4. Failover and Orchestration
If the Primary dies, how does the system recover? You cannot manually SSH into a server at 3:00 AM. Tools like Orchestrator or MHA (Master High Availability) continuously monitor the topology. If the Primary fails, they:
- Identify the Replica with the most up-to-date Relay Log.
- Promote that Replica to be the new Primary.
- Reconfigure the remaining Replicas to point to the new Primary.
- Update ProxySQL or the application's DNS to route traffic to the new IP.
Practice Question
Scenario: You have a Primary database and a Read Replica. Users are complaining that immediately after they update their profile picture, the page refreshes and shows their old picture. Question: What is this phenomenon called and how do you fix it?
View Answer
This is called **Replication Lag**. Because replication is asynchronous, it takes a few milliseconds (or seconds under heavy load) for the update to reach the Replica. When the page refreshes, the app reads from the lagging Replica. **Fix**: Implement "Read-After-Write Consistency". If a user modifies their own data, route their specific reads to the Primary node for the next few seconds, or use a distributed cache like Redis to serve their updated state instantly.Technical Trade-offs: Architectural Decision
| Strategy | Scalability | Complexity | Operational Cost | Performance |
|---|---|---|---|---|
| Monolithic | Low | Low | Low | Fast (Local) |
| Microservices | Very High | High | High | Slower (Network) |
| Serverless | Infinite | Medium | Variable | Variable (Cold Starts) |
Production Readiness Checklist
Before deploying this architecture to a production environment, ensure the following Staff-level criteria are met:
- High Availability: Have we eliminated single points of failure across all layers?

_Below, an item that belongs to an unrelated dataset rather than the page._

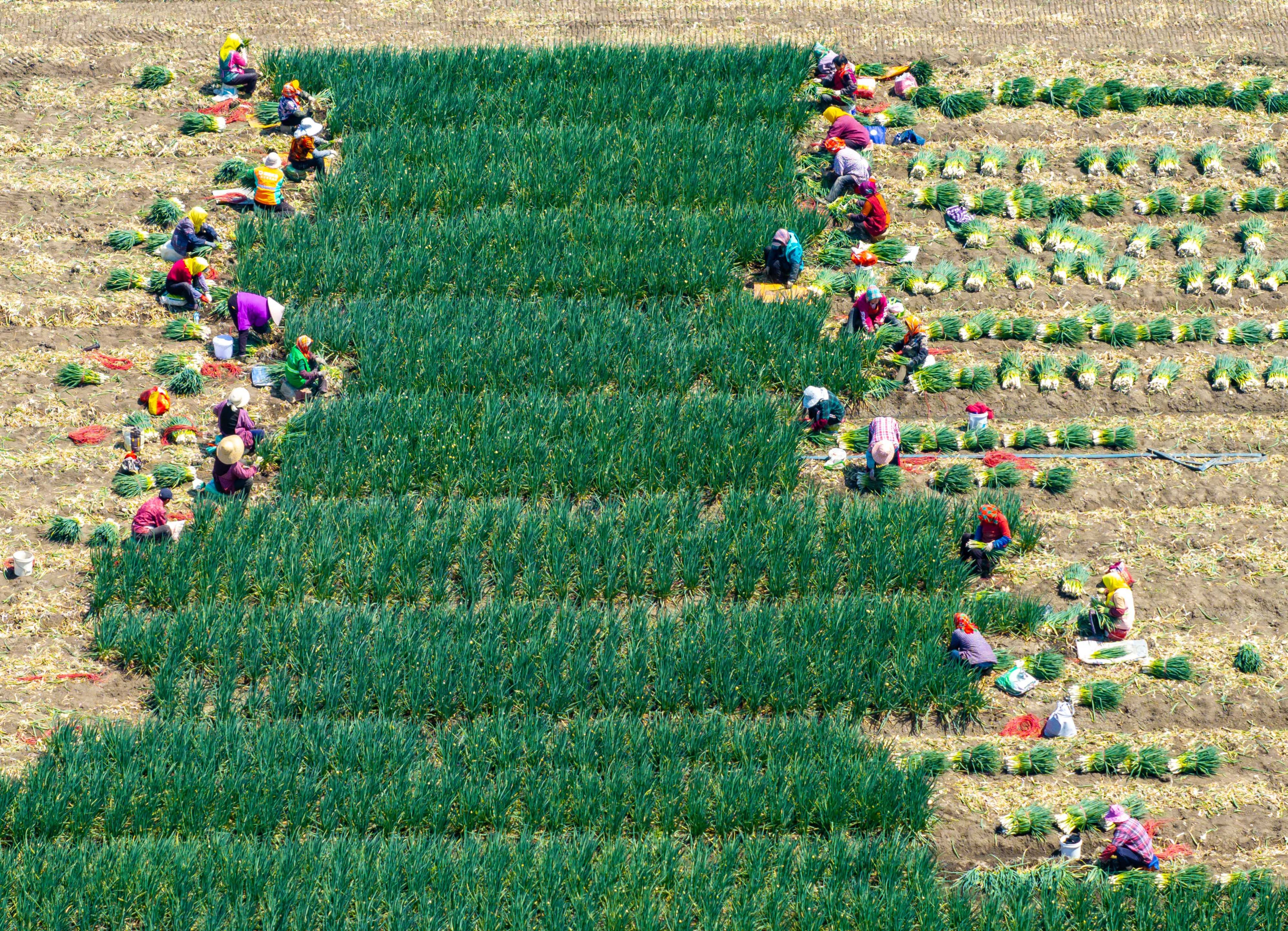 Farmers harvest chives at a chives planting base on a family farm in Yangzhou, China, on April 6, 2025. (Photo by Costfoto/NurPhoto/Rex Features/Shutterstock)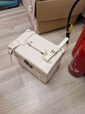 Mallette de coiffeur en simili cuir blanc et clous dorés

- Observability: Are we exporting structured JSON logs, custom Prometheus metrics, and OpenTelemetry traces?
- Circuit Breaking: Do all synchronous service-to-service calls have timeouts and fallbacks (e.g., via Resilience4j)?
- Idempotency: Can our APIs handle retries safely without causing duplicate side effects?
- Backpressure: Does the system gracefully degrade or return HTTP 429 when resources are saturated?
Verbal Interview Script
Interviewer: "We want to ensure zero data loss in our payments database if the primary node catches fire. How do we architect this?"
Candidate: "To guarantee zero data loss (RPO = 0), standard asynchronous replication is insufficient. We must enable Semi-Synchronous replication. When a payment transaction commits, the primary node will block and wait until at least one replica confirms it has written the transaction to its relay log. This introduces a slight latency penalty equal to the network round-trip time between the nodes, so the replica should ideally be in the same region but a different Availability Zone (AZ). For automatic recovery, we would pair this with a tool like Orchestrator and ProxySQL to automatically promote the synchronized replica and reroute traffic within seconds."